**Task**
Given these entries, repeat exactly the lines starting with the one that has "담양군은 17~18일 이틀간" and going on through the one that has "As of Wednesday, March", both included, but none of the pictures.

**Exercise data**
--------------------------------------------------

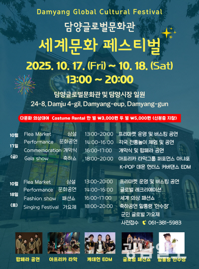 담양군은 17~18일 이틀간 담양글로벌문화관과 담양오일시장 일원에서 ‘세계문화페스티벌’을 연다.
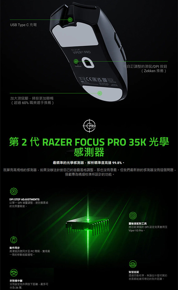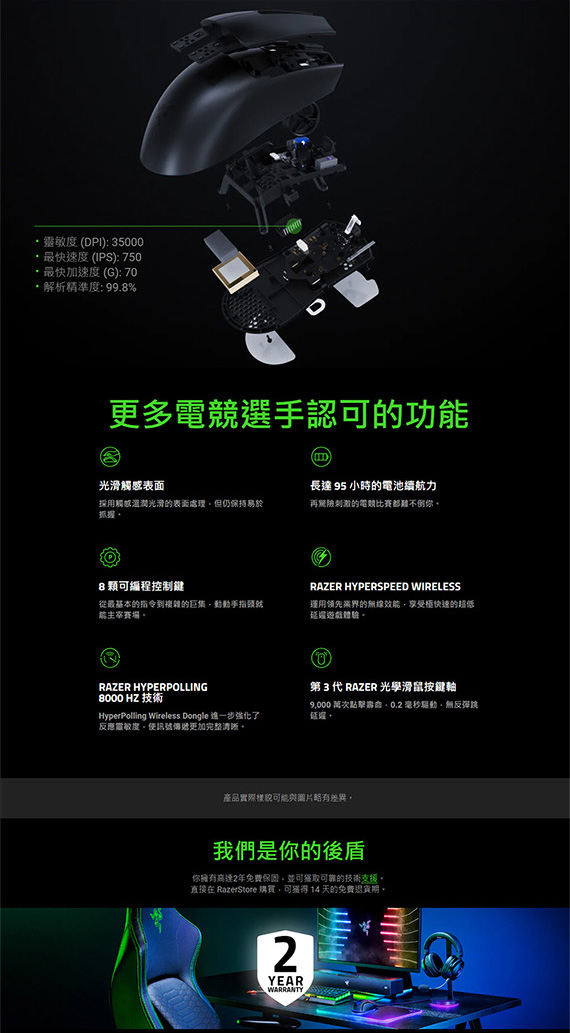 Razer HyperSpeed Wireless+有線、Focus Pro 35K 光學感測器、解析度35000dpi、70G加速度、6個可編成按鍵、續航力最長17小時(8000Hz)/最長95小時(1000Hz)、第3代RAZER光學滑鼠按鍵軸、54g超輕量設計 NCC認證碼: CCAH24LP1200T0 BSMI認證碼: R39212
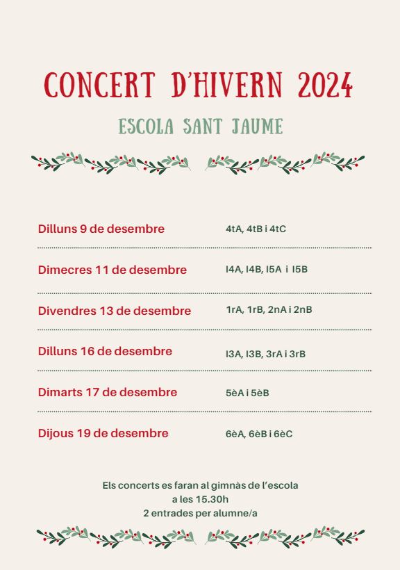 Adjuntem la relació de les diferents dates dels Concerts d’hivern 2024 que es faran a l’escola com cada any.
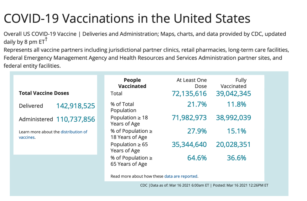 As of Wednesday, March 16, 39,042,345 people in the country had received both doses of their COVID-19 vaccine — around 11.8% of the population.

--------------------------------------------------

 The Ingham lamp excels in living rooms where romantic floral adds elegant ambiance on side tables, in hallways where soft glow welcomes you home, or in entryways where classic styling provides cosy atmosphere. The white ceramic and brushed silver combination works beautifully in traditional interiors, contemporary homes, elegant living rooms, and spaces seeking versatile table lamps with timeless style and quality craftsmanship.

--------------------------------------------------

**Result of the exercise**
 담양군은 17~18일 이틀간 담양글로벌문화관과 담양오일시장 일원에서 ‘세계문화페스티벌’을 연다.
 Razer HyperSpeed Wireless+有線、Focus Pro 35K 光學感測器、解析度35000dpi、70G加速度、6個可編成按鍵、續航力最長17小時(8000Hz)/最長95小時(1000Hz)、第3代RAZER光學滑鼠按鍵軸、54g超輕量設計 NCC認證碼: CCAH24LP1200T0 BSMI認證碼: R39212
 Adjuntem la relació de les diferents dates dels Concerts d’hivern 2024 que es faran a l’escola com cada any.
 As of Wednesday, March 16, 39,042,345 people in the country had received both doses of their COVID-19 vaccine — around 11.8% of the population.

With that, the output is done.